First, a refer is not a diagnosis — exclude debris, seal, noise, and middle ear before the cochlea. Second, a pass is not a clean bill of hearing — it cannot exclude auditory neuropathy or a loss milder than the test's floor. Third, interpret the OAE inside a battery — tympanometry and ABR are not optional extras but the cross-checks that make the OAE safe to act on[12].

The 1-3-6 benchmark

Otoacoustic emissions found their largest role here: screening the hearing of newborn babies. The test is quick, needs no response from the baby, and can be done while the infant sleeps — which is why OAE screening has been adopted for newborns across most of the world.

The reason it matters is timing. A baby whose hearing loss is found and treated early develops markedly better language than one identified late. Screening exists to close that gap — to catch hearing loss in the first weeks of life rather than the first years[13].

Early hearing detection and intervention programmes are organised around three deadlines, known together as 1-3-6.

The two-stage screen

Screening is not a single test but a pathway. An initial screen is performed — often only after the first 12 hours of life, so birth fluid and debris can clear the ear canal. A baby who does not pass is rescreened rather than immediately labelled. Only a baby who fails the rescreen is referred onward for full diagnostic assessment.

Two principles govern the pathway. A true pass requires both ears to pass within the same session — a one-ear pass is not a pass. And rescreening is deliberately limited: excessive re-testing raises the chance of wrongly passing a baby who does have hearing loss, so a persistent refer should move to diagnostic audiology, not into another round of screening.

Programmes aim to keep the refer rate low — commonly a target below about 4% — because every false refer means an anxious family and an unnecessary appointment[13].

OAE or automated ABR?

Two technologies screen newborns: OAE and automated auditory brainstem response (AABR). They test different parts of the pathway, and the difference is decisive. The OAE response is generated by the outer hair cells before the signal reaches the eighth nerve — a pre-neural response.
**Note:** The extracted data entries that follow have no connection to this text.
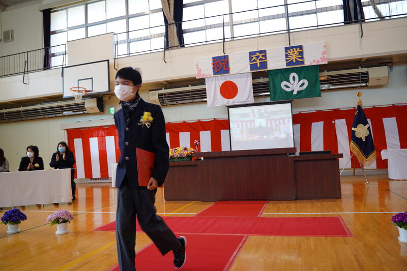 今年度は感染症対策を含め新しいスタイルでの卒業証書授与式となり,在校生は別室でリモート中継をつないで参加しました。“例年通り”ではないものの,事前に録画した在校生からの贈る言葉や卒業生からの卒業の言葉の上映をして,児童生徒の気持ちが伝わり合った温かい式となりました。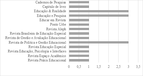 Outro dado analisado abordou o quantitativo de publicações vinculadas aos periódicos descritos no Quadro 1, sendo possível observar que “Educação & Realidade”, “Educação e Pesquisa” e “Revista de Política e Gestão Educacional” concentram a maior parte dos trabalhos que foram selecionados para a análise no presente estudo. Cabe destacar que, dentre os artigos selecionados, dez foram publicados em periódicos localizados na região Sudeste; sete na região Sul; um na região Centro-Oeste; um na região Norte; e um na região Nordeste - ratificando o conceito de “sudestificação” previamente mencionado.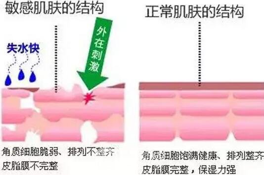 敏感肌的形成很可能是多种原因共同导致的结果,但这较根本的原因还是皮肤屏障受损,也就是皮肤表面失去了正常的保护功能而出现皮肤水分丢失,皮肤出现干燥、脱屑或瘙痒;同时皮肤表面的病菌容易经过受损的皮肤屏障而进入皮肤内部,从而进一步引发皮肤炎症反应。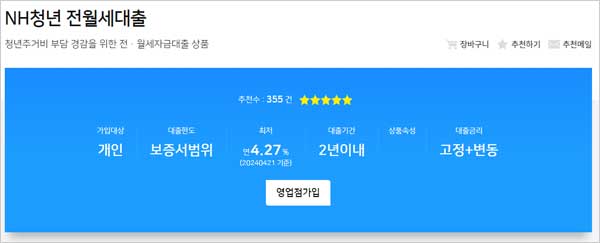 농협 청년 전세보증금 담보대출 상품은 만 34세 이하 무주택 청년을 대상으로 저리의 임차자금을 지원하는 대출 상품으로서 주택금융신용보증서 담보로 대출 한도 임차 보증금의 90% 이내에서 최대 2억원이라고 하구요. 대출기간은 임차기간 중 2년 이내라고 해요.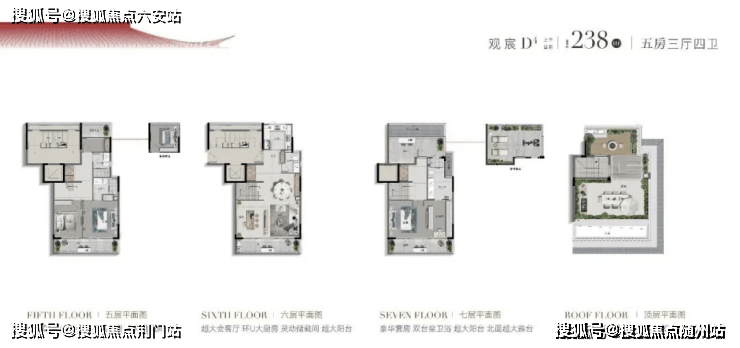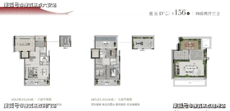 上叠(建面约156-177㎡):屋顶露台+全景窗,尽揽天际线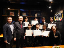 表彰された早大生とW商連のメンバー=早大と周辺の商店街組織「W商連」が懇親会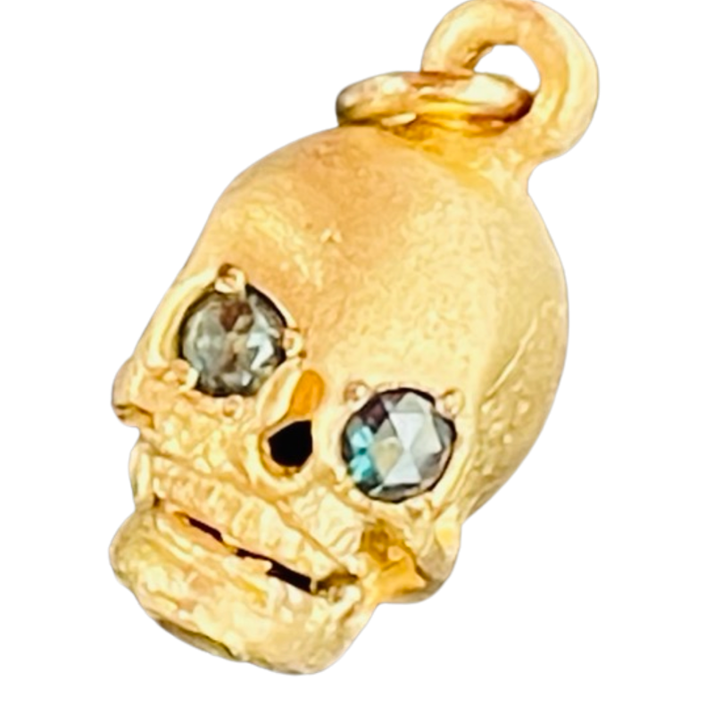 Blue Rose Cut Diamond 18K Yellow Gold Skull Charm Pendant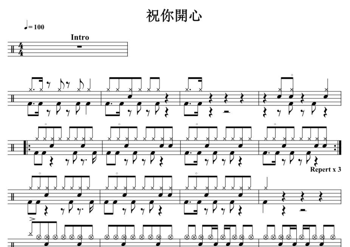 孙燕姿《祝你开心》鼓谱 - 架子鼓谱
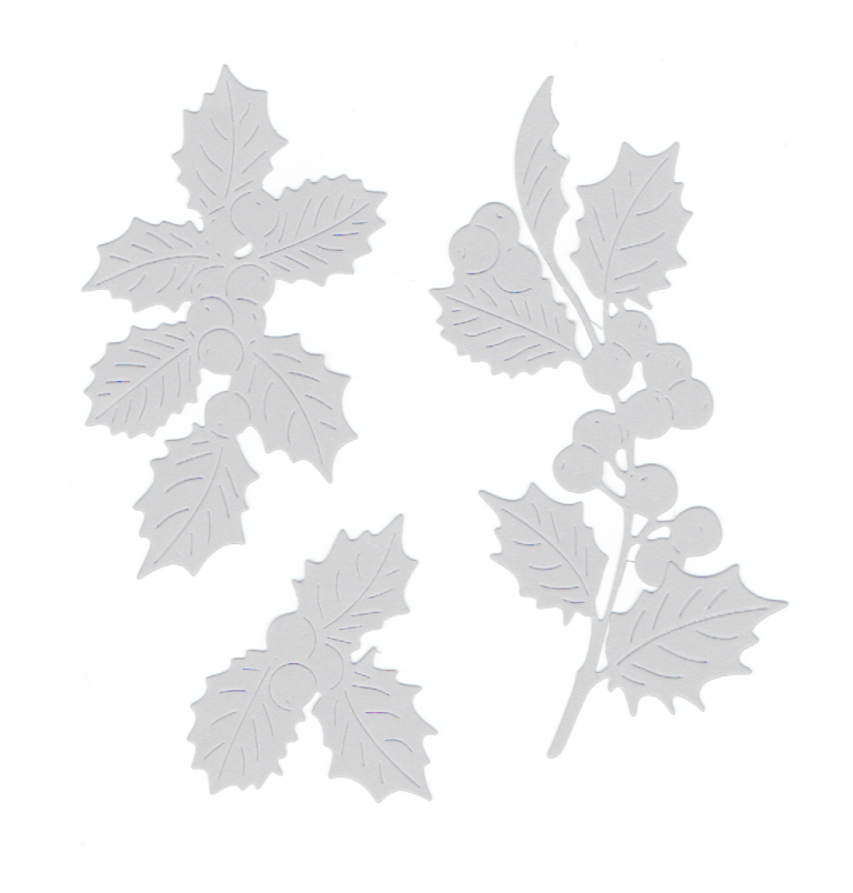 Scrapki papierowe białe perłowe Liście, ostrokrzew - 1 zestaw
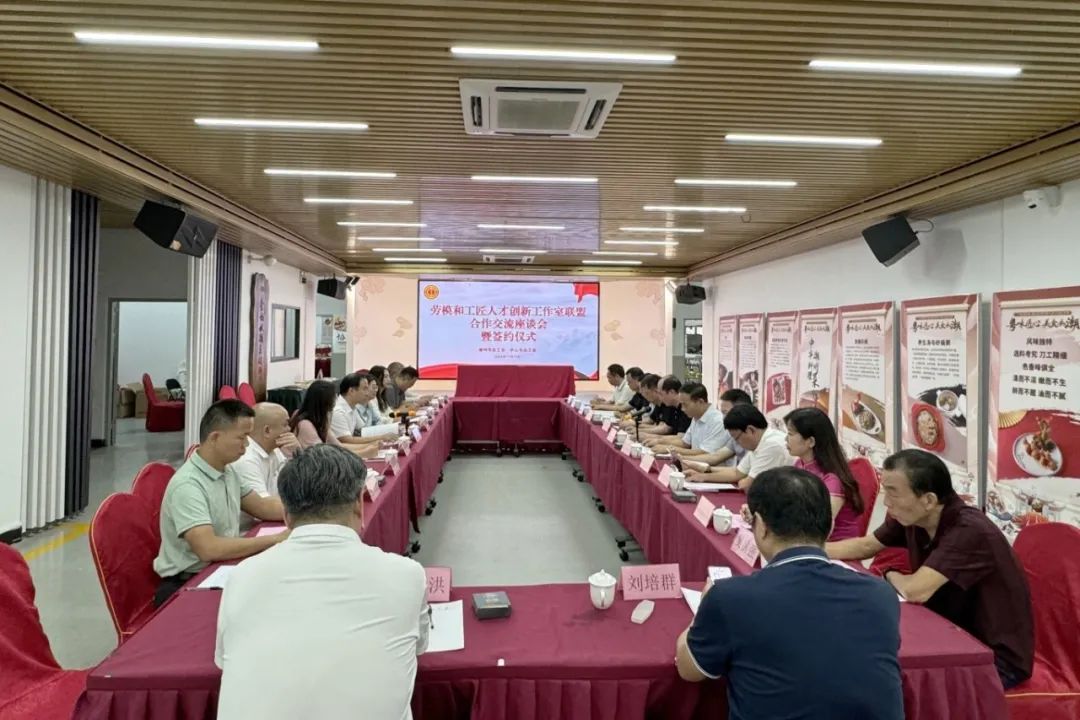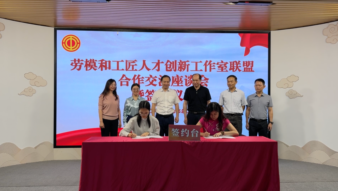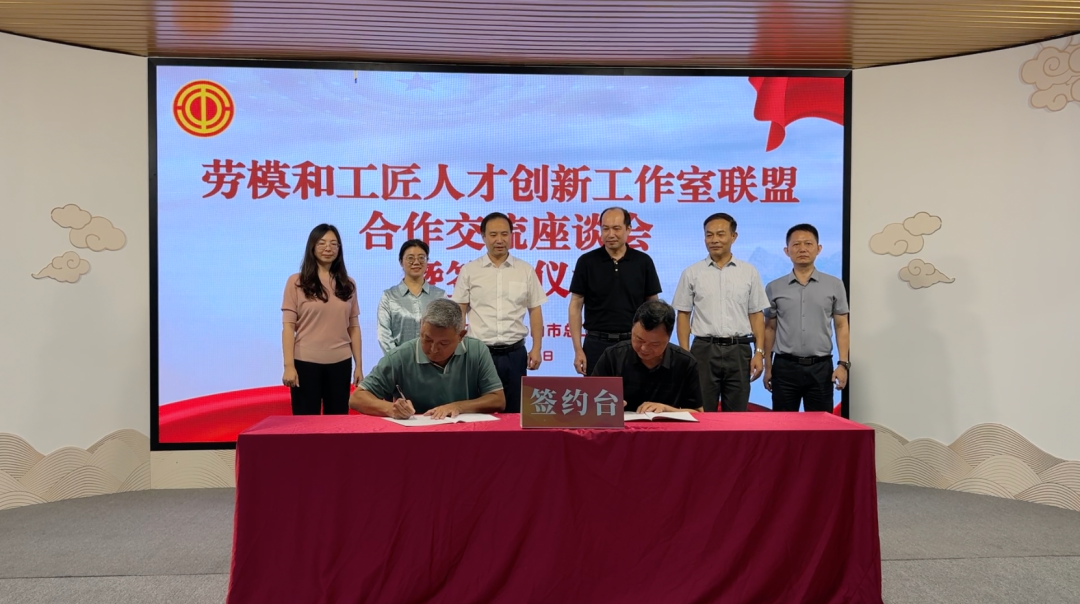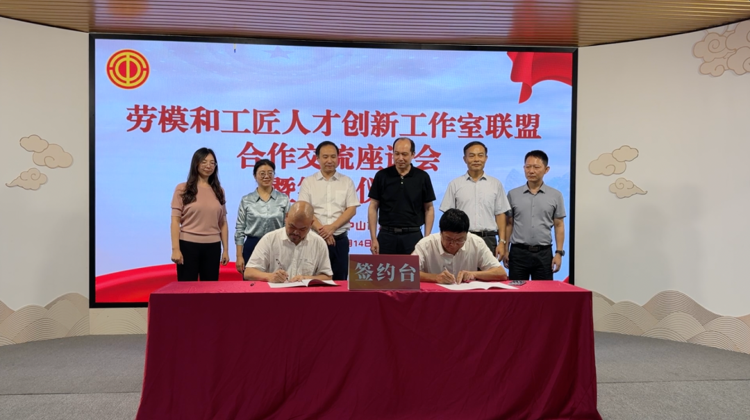 在中山、潮州两地总工会领导、劳模和工匠人才创新工作室领衔人、行业代表的共同见证下,两地总工会正式签署联盟合作协议。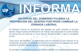 Un error en la redacción de la ley posibilita un despido al trabajador, será subsanado rapdimanete, y esperamos que no ...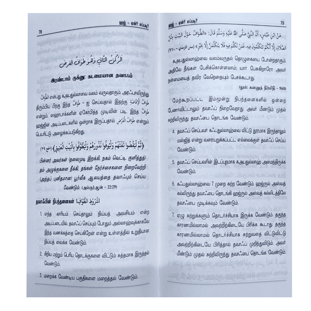 நடைமுறை வழிகாட்டுதல்: இஹ்ராம் அணிதல், தவாஃப், சஈ மற்றும் பிற சடங்குகள் எளிய முறையில் விளக்கப்படுகின்றன.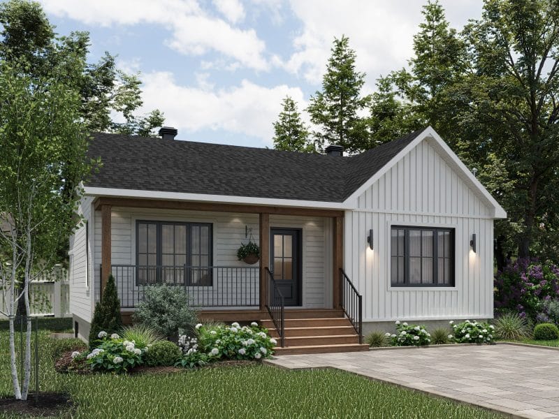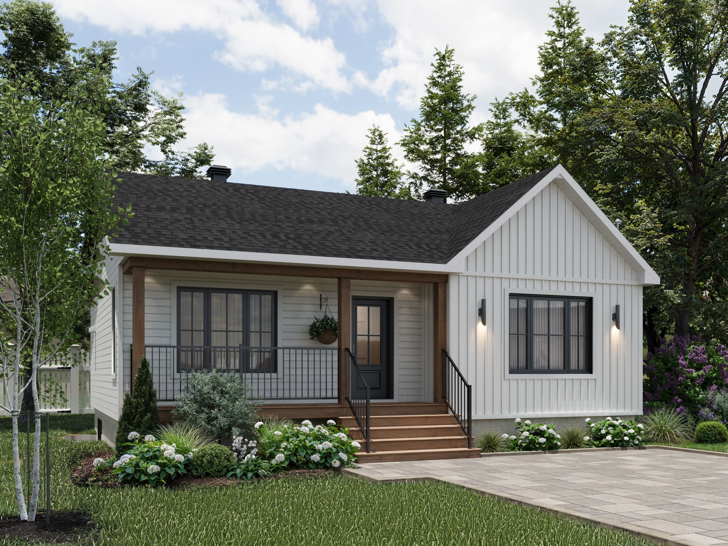 The Courtoise model is a bungalow in the Classic Farmhouse style. View from the outside.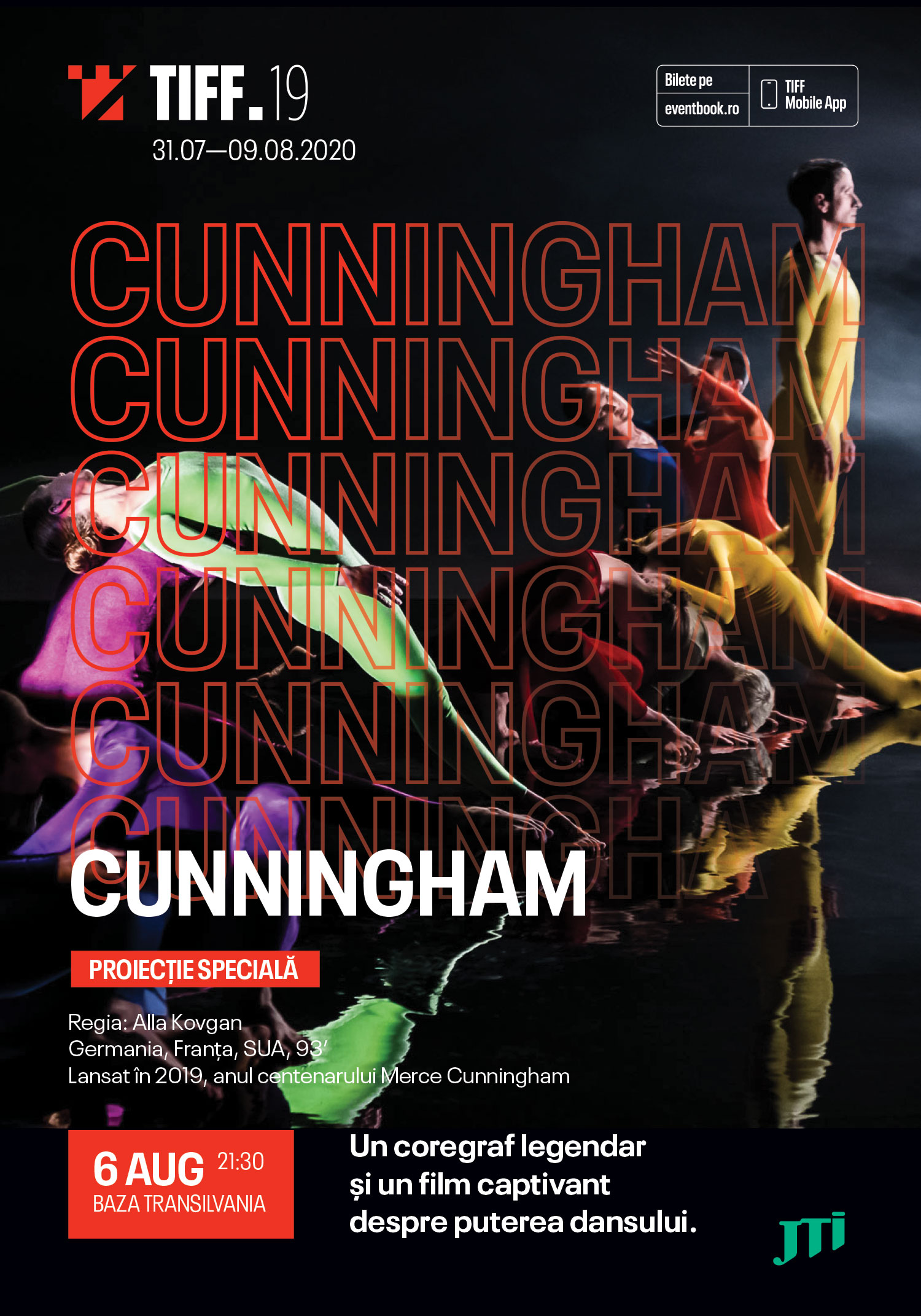 JTI va prezenta și în acest an la Transilvania International Film Festival (TIFF) un film cu și despre dans. Pe 6 august, ora 21:30, la Club Transilvania din Cluj, va avea loc proiecția în aer liber a filmului „Cunningham”, regizat de Alla Kovgan. Filmul, realizat în 2019 pentru a marca un secol de la nașterea lui Merce Cunningham, surprinde evoluția coregrafului american începând cu primii ani de dans și până când devine unul dintre cei mai vizionari și influenți artiști ai lumii. Tehnologia 3D va permite publicului să facă o călătorie senzorială, ca o imersiune în lumea legendarului coregraf.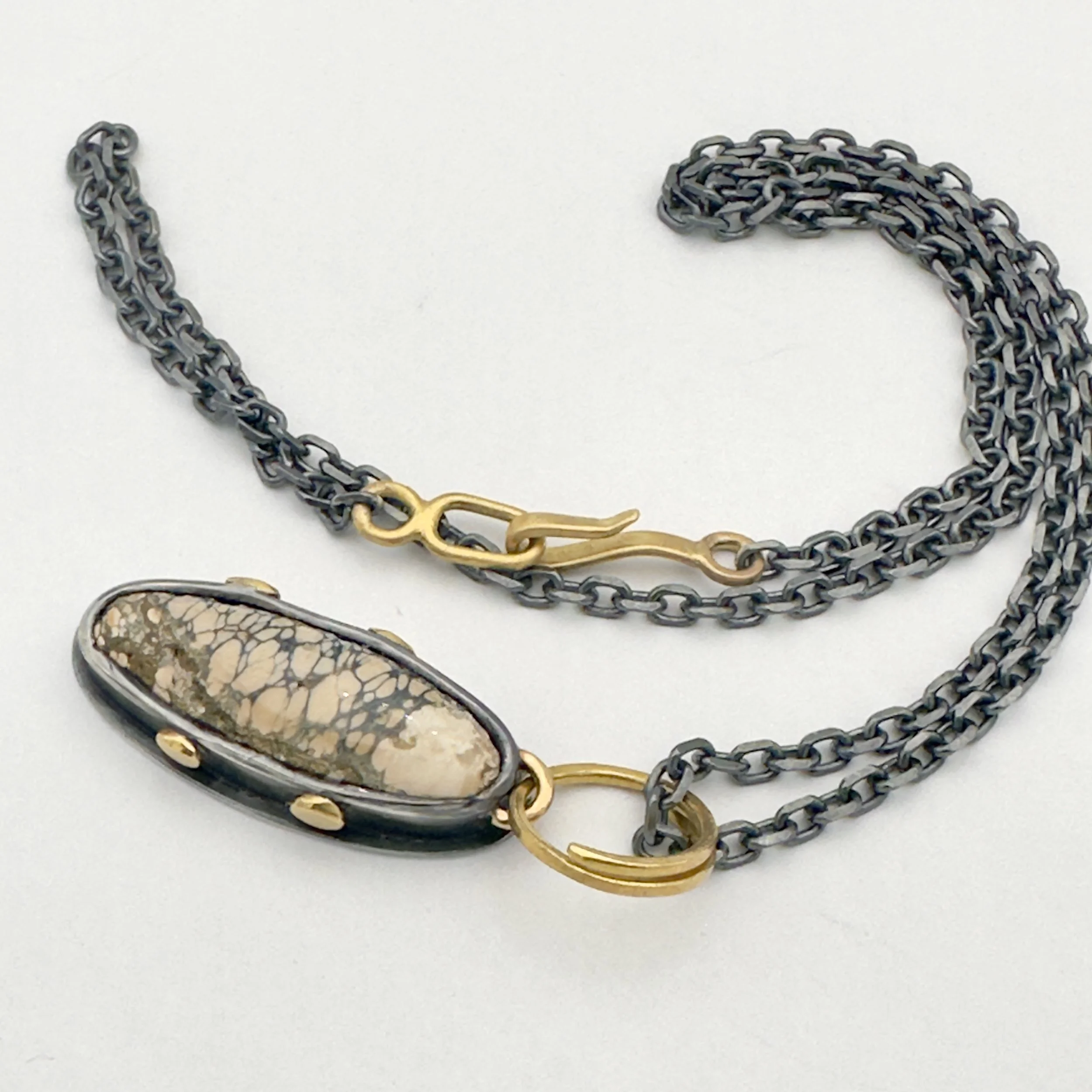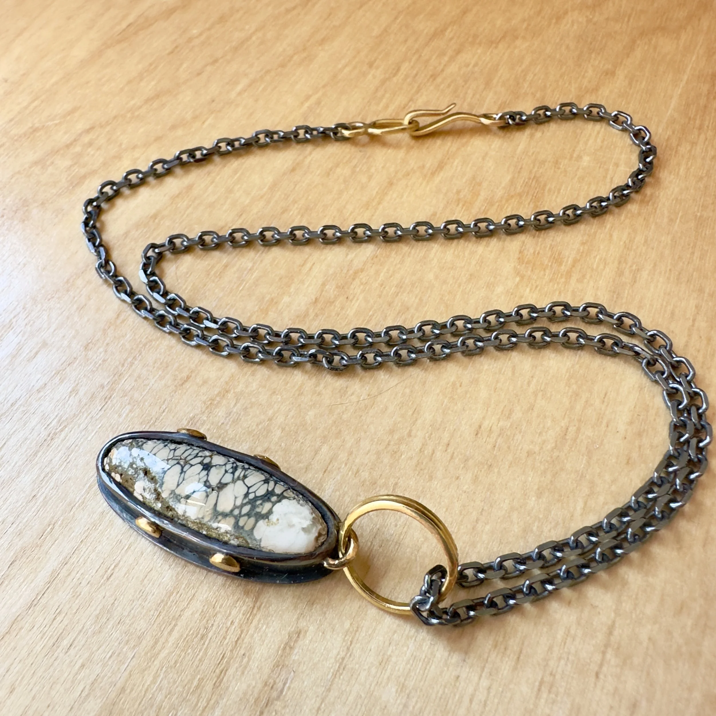 Ivory Creek Variscite comes from Kazakhstan—a rare, quietly beautiful cousin to turquoise, creamy with dramatic black matrix running through it like ink. It’s not common, which is exactly why I’m drawn to it. This one has a slight blush to the cream, and is set in sterling silver patinated to a rich blue-black, with 22k gold rivets and a flexible 22k gold circle bail that pairs with many types of chain. In metaphysical circles, Variscite is the stone of authentic self—encouragement, heart-opening, seeing clearly —and honestly, wearing it, you’ll feel its special earthiness. Some stones find you at exactly the right moment.

AABR follows the signal onward along the nerve to the brainstem[13].

This is why an OAE-only screen has a blind spot. An infant with auditory neuropathy spectrum disorder has working outer hair cells and so passes an OAE screen — while AABR, which tests the neural pathway, correctly refers. An infant with ANSD screened by OAE alone is passed and lost to follow-up.

Why the NICU rule exists

Infants cared for in a neonatal intensive care unit are at substantially higher risk of neural hearing loss, including ANSD. For that reason many programmes mandate AABR — not OAE — as the screening method for NICU infants. The OAE simply cannot evaluate the auditory nerve or brainstem, so in the population most likely to have a neural lesion it is the wrong tool. A refer on an AABR screen should also not be “rescreened” with an OAE, since that would substitute a test that cannot see the suspected problem[13].

The combined approach

The strongest protocols use both tests rather than choosing between them — an application of the cross-check principle to screening. OAE screening is efficient and effective for detecting the cochlear and transient middle-ear losses common in well babies; AABR adds coverage of the neural pathway. Combining them lowers the false-refer rate and ensures auditory neuropathy is not missed[12].

Whichever protocol is used, screening is only the first step. A baby referred from screening still needs a full diagnostic evaluation — the screen says “look closer here”, not “this is the diagnosis”.